Ja, die habe ich. Und habe den Kauf nie bereut. Das ist gewiss kein Chopinspiel, das auch nur in die Uferregionen französischen Spiels kommen will; damit meine ich weniger Nationalität als die famose Breite von Rubinstein über Francois bis Lipatti. Aber ich liebe diese Einspielung, das ist wirklich eine Interpretation als Auslegung, so wie man Teppiche auslegt oder etwas ins Schaufenster stellt. Ich höre das immer noch auf der Stuhlkante sitzend. Agogische Freiheiten noch und nöcher, dabei klarster Anschlag (auch wenn das Pedal, spärlich genutzt, manchmal fast auf den Boden kommt), nichts, aber auch gar nichts verwischt. – Ein ähnliches Bild dann bei den wenigen Mendelssohn-Stücken – Mendelssohn einer von Goulds sog. Lieblingskomponisten. Ganz im Unterschied zu Chopin.

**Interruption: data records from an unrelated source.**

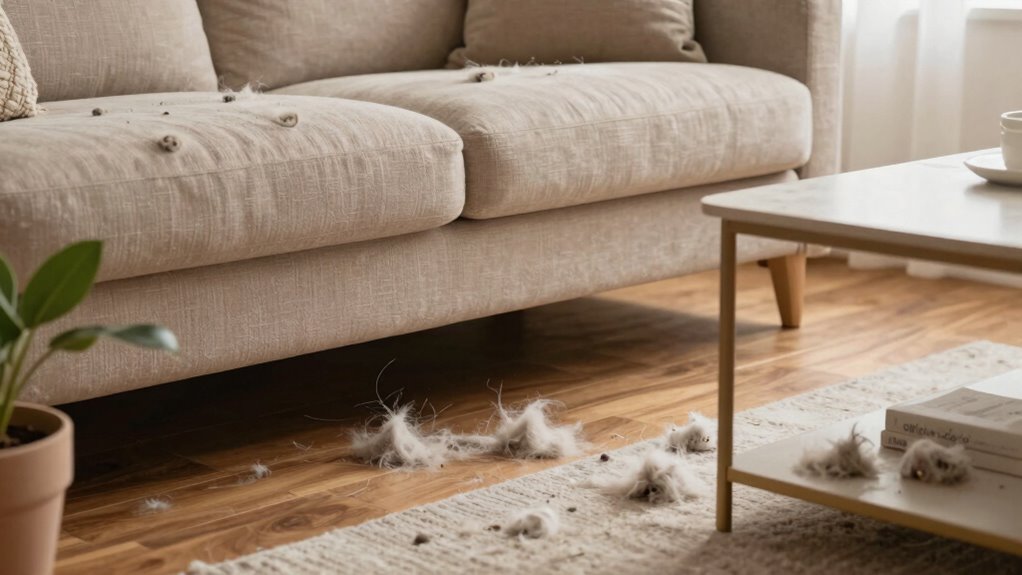 Upholstery and cushions are prime hiding spots where pet hair easily accumulates because their soft fibers trap particles that fall or cling to your pet’s fur. The fabric fibers in sofas, chairs, and cushions act like tiny nets, catching pet dander and loose hairs with every nap or cuddle session. Over time, these fibers hold onto the hair, making it difficult to see but easy for it to build up. Regular vacuuming helps remove surface hair, but deep-seated pet dander can remain embedded within the cushion’s layers. The more your pet lounges, the more hair and dander settle into these soft spots, creating a hidden reservoir of allergens that can affect your indoor air quality and comfort. Deep-cleaning techniques can help dislodge and remove embedded pet hair and dander from these soft, fibrous layers. Employing appropriate cleaning tools designed for upholstery can enhance the effectiveness of your cleaning routine and help maintain a healthier indoor environment. Additionally, understanding how to prevent pet hair buildup can reduce the amount that gets trapped in these soft fibers over time. Incorporating innovative cleaning methods inspired by energy-efficient and sustainable technologies can further improve your maintenance routine while reducing environmental impact. Using HEPA-filter vacuums can significantly improve the removal of microscopic pet dander from soft surfaces, promoting better air quality in your home.
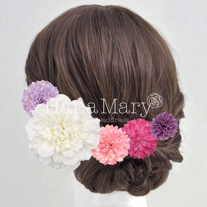 その日のヘアスタイルによって自由に一輪一輪配置できます。お花の数が多い場合でも、アメピンを追加して簡単にしっかりと固定できます。
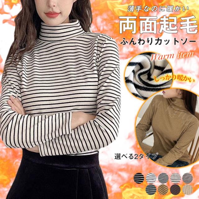 <1点1,190円!2点購入&クーポンで>カットソー Tシャツ 秋冬 微起毛 裏起毛 ハイネック レディース 秋冬 春新作 送料無料 トップス あったか 保温 暖かい 長袖 インナー ストレッチ 柔らか コーデ レイヤード あったか ブラウス 入学式 入園式

Dazu vielleicht noch Getippsel, ich hoffe, das ist justiziabel nicht relevant, aus dem Booklet-Text von Stegemann: „Zur Entspannung (und nur für mich) kann es ein-, zweimal im Jahr vorkommen, daß ich etwas von Chopin spiele“, gestand Gould im November 1959 in einem Interview mit dem kanadischen Journalisten Vincent Tovell. „Aber weder überzeugt er mich, noch gefällt er mir. […] Ich finde, Chopin – es scheint idiotisch zu sein, was ich jetzt sage, und ich möchte keinesfalls den Eindruck erwecken, überheblich zu sein – also, ich finde, Chopin war unzweifelhaft ein Wunder an Begabung, aber eben kein großer Komponist. Wenn er sich an den großen Formen versucht, die ein hohes Maß an Organsiation verlangen, erleidet er fast immer Schiffbruch. Als Miniaturist dagegen ist er großartig; keiner versteht es wie er, eine Atmosphäre zu schaffen; sein Verständnis fürs Klavier war sicher ohne Vorläufer, und womöglich hat keiner nach ihm so instrumentengerecht geschrieben wie er. Doch trotz alledem bereitet er mir Unwohlsein.“ – Dazu könnte man manches sagen, aber nur, wenn man tiefer interpretiert, denn oberflächlich ist das gewiss. Aber eben nur an der Oberfläche. Einer der Wünsche im Leben, die niemals erfüllt wurden, werden: Gould spielt die Préludes von Chopin. Das wäre ein Audiobeweis!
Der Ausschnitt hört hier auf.